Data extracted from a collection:
• • • • •

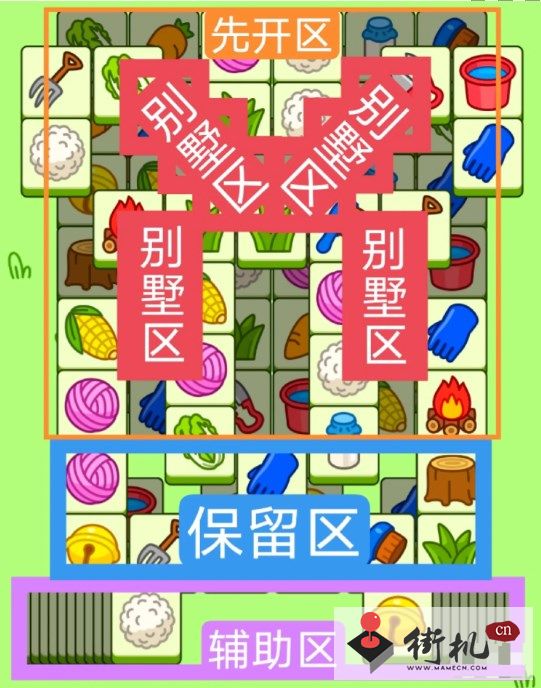 两个斜着的长型大别墅,两个长型大别墅,开局先消除橙色区,然后按照一层层均匀消除表面牌, 哪里压牌比较多就先消除哪里,必要时可以用盲盒区辅助消除表面牌。尽量还是以别墅区内互相消除为主。蓝色区有叠牌,但是不多,全部保留到后期使用。
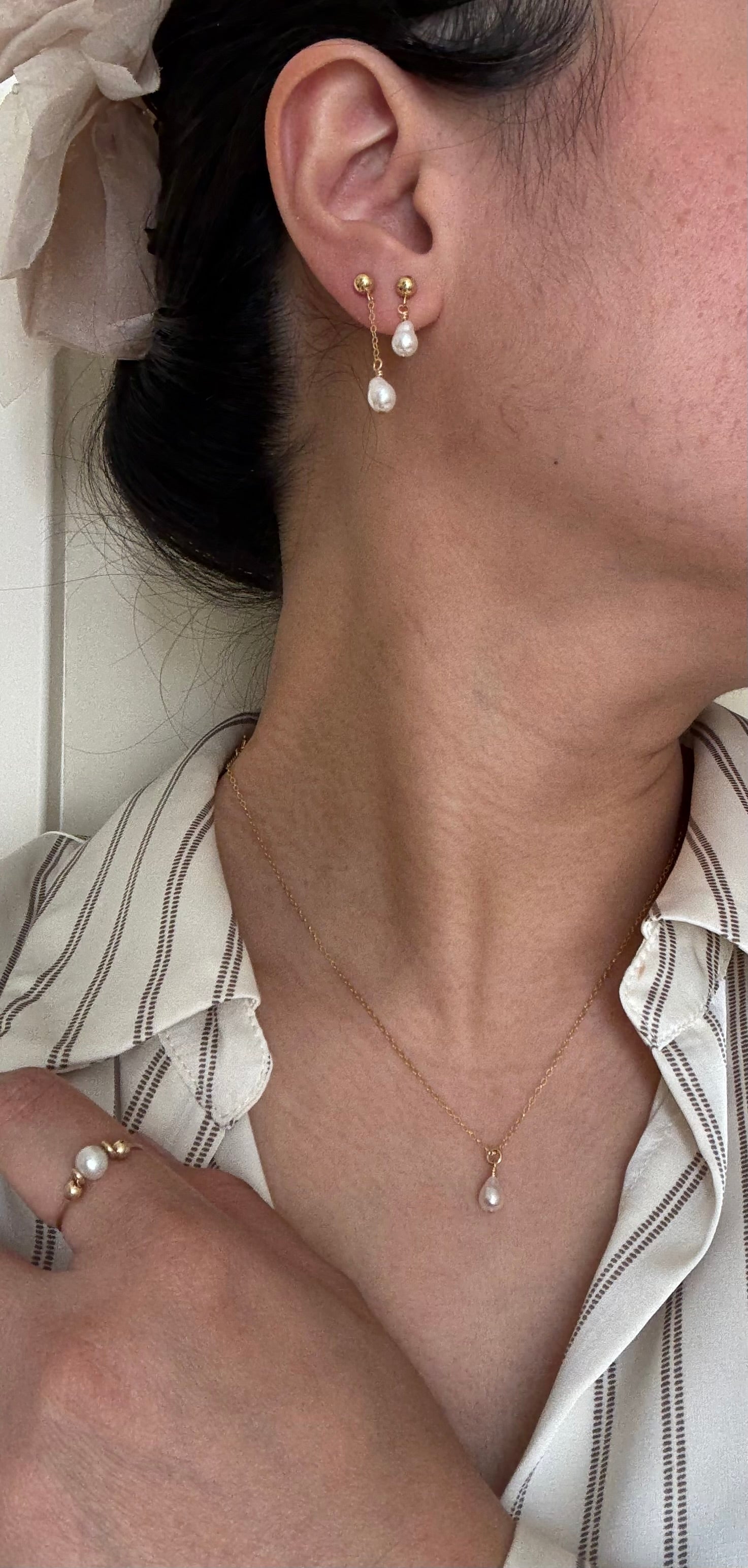 Elevate your look with this teardrop-shaped pearl pendant on a delicate 14k gold-filled chain. Timeless and versatile, it’s perfect for everyday wear, bringing a refined touch to any outfit.
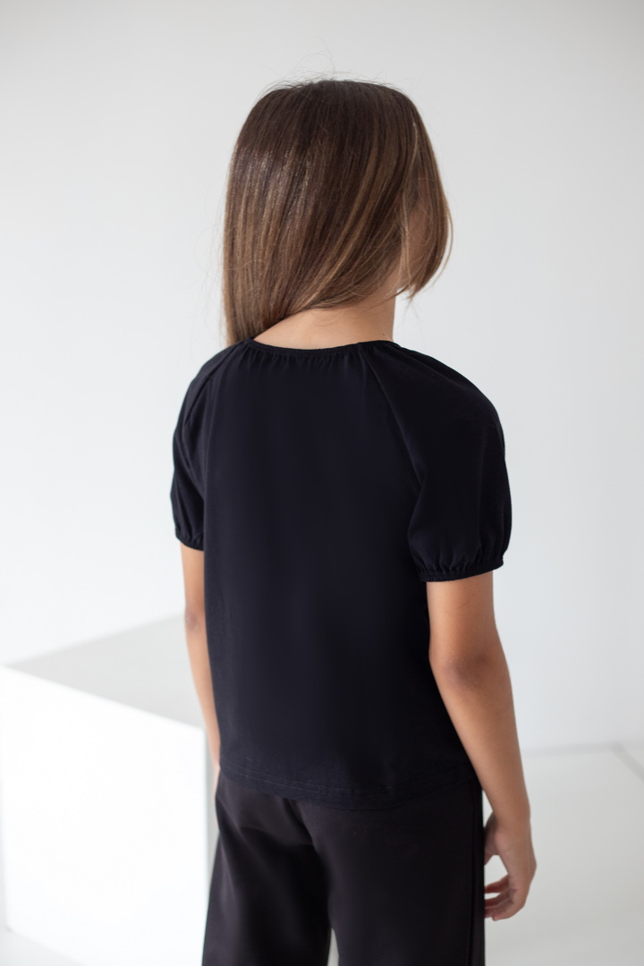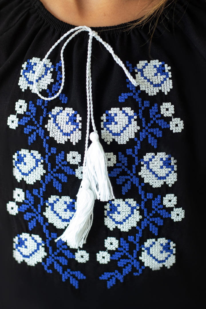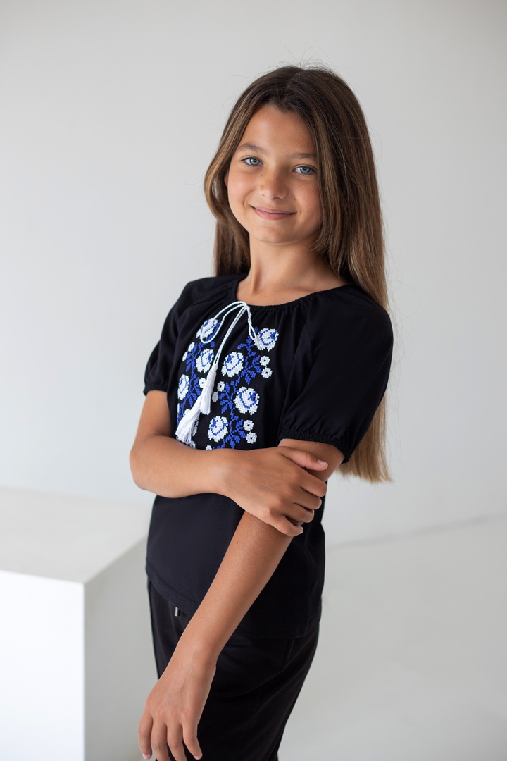 Вишиванка для дівчаток виготовлена з полотна "Стрейч-кулір піньє" - полотно м'яке, еластичне, високоякісне та приємне до тіла - гарно сідає по фігурі. Модель з коротким рукавом, округлою горловиною призібраною на резинці, прикрашена квітковим узором вишитим на машинці. Вишиванка відмінно комбінується з спідницею або штанами та стане доповненням будь-якого святкового чи урочистого образу.
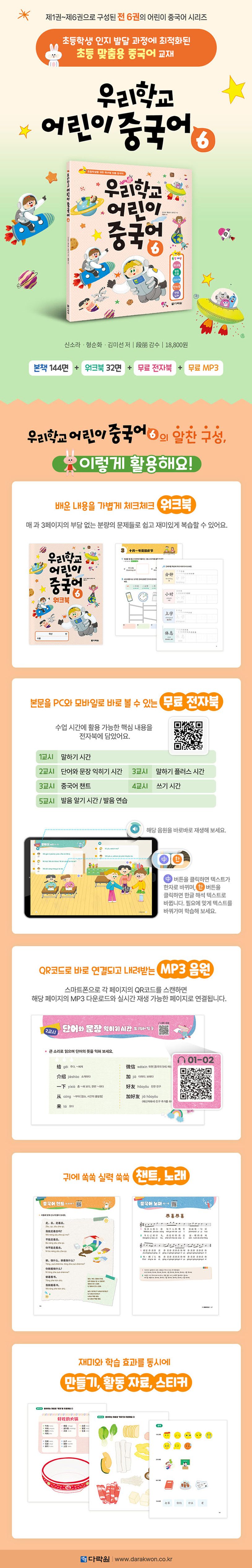 『우리학교 어린이 중국어』 시리즈는 초등학생의 인지 발달 과정을 중시하여, 그에 맞는 학습법과 학습량으로 보다 쉽게 중국과 중국어에 대한 종합적인 정보를 학습하는 것을 목표로 설계한 교재입니다. 『우리학교 어린이 중국어 6』에서는 주인공인 윤아, 위쩐, 지에하오, 한스, 민희가 베이징의 국제학교에서 즐겁게 생활하는 일상을 담고 있습니다. 주인공 친구들과 함께 즐겁게 일상 회화를 배우고, 챈트와 노래를 따라 부르며 중국어를 재미있게 배울 수 있도록 구성했습니다. 또 병음 읽기 훈련을 하고 단어를 따라 써 보며 6권에서도 꾸준히 중국어 발음을 연습할 수 있습니다.
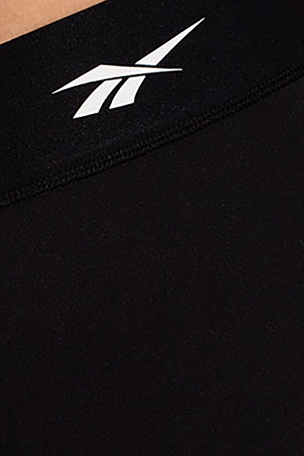 Black leggings from Reebok x Victoria Beckham. Made of Speedwick, a chlorine-resistant fabric with a water-repellent finish and UV 50+ factor, this pair is complete with an elastic waistband and white logo print.
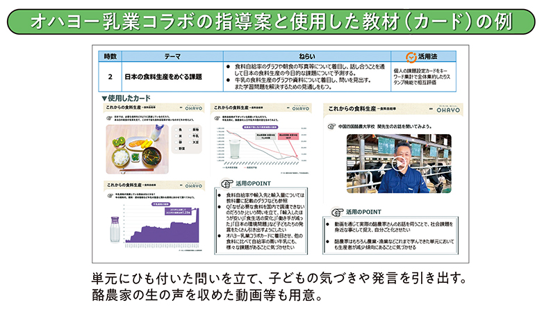 その中で、教科書だけでは足りない、子どもの生活導線に近づけるために教材として利用したのが、自身が監修した「オハヨー乳業コラボコンテンツ」だ。これにより社会課題に向き合う同社の取り組みや、担い手不足の中でも安定した生産を続ける酪農家の技術や姿を知ることで、一人一人が身近な問題として捉え、”自分ごと“として考えさせるのがねらいになる。
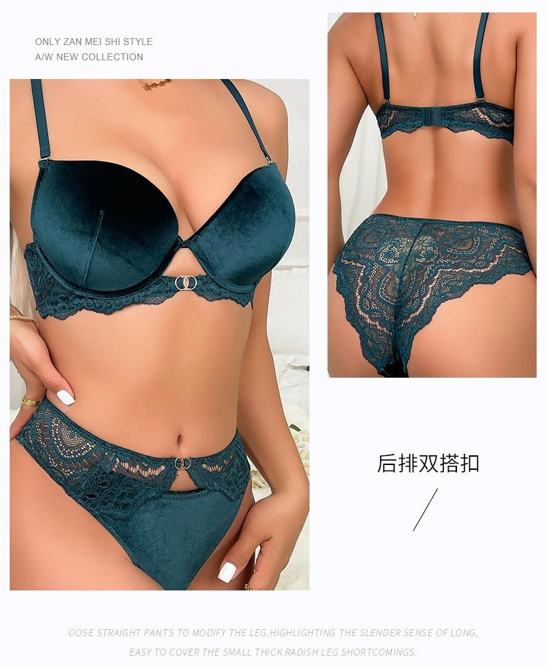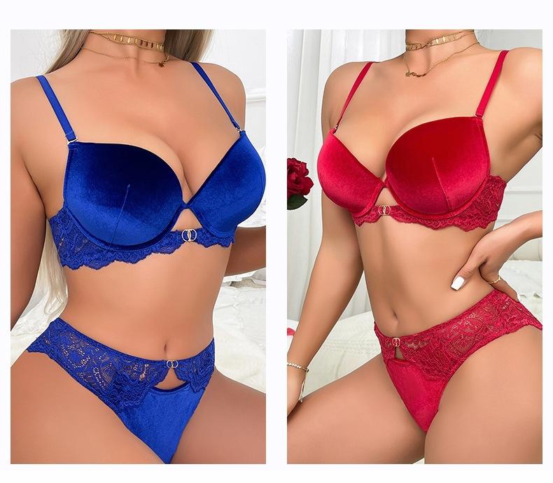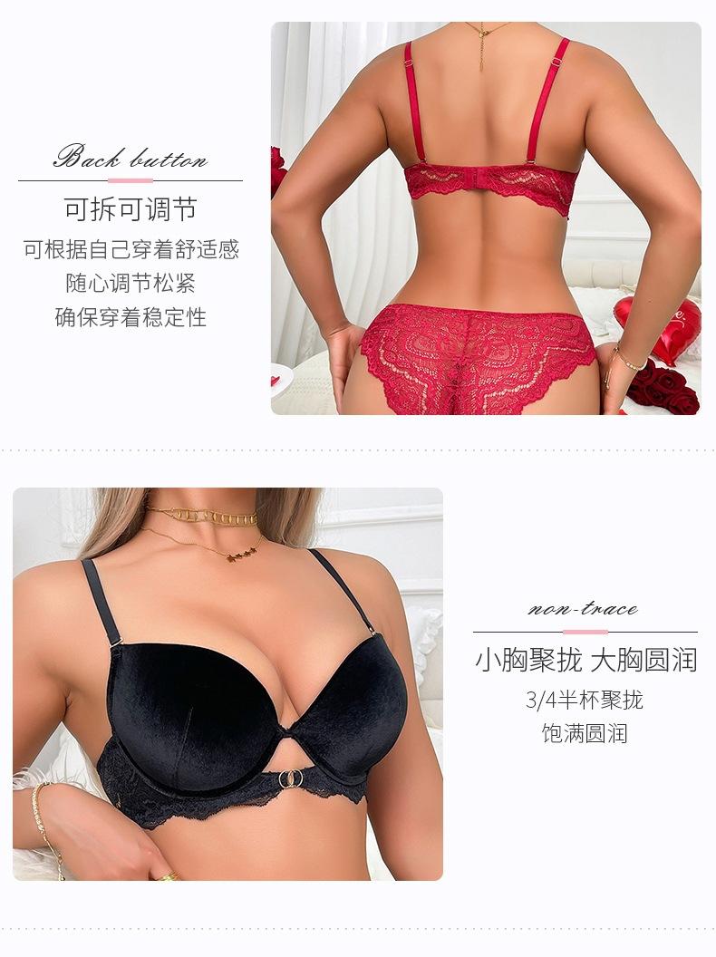 Terciopelo Pequeño Pecho Push-up Sujetador para Mujer Sujetador de Acero Anticaída Paramilis Sexy Rojo Traje de Sujetador Benmingnian

• • • • •

» Task instructions:
Using the entries above, write out exactly the lines from the one with "Elevate your look" through the one with "Вишиванка для дівчаток", ends included. Leave out any pictures.

» Answer space:
 Elevate your look with this teardrop-shaped pearl pendant on a delicate 14k gold-filled chain. Timeless and versatile, it’s perfect for everyday wear, bringing a refined touch to any outfit.
 Вишиванка для дівчаток виготовлена з полотна "Стрейч-кулір піньє" - полотно м'яке, еластичне, високоякісне та приємне до тіла - гарно сідає по фігурі. Модель з коротким рукавом, округлою горловиною призібраною на резинці, прикрашена квітковим узором вишитим на машинці. Вишиванка відмінно комбінується з спідницею або штанами та стане доповненням будь-якого святкового чи урочистого образу.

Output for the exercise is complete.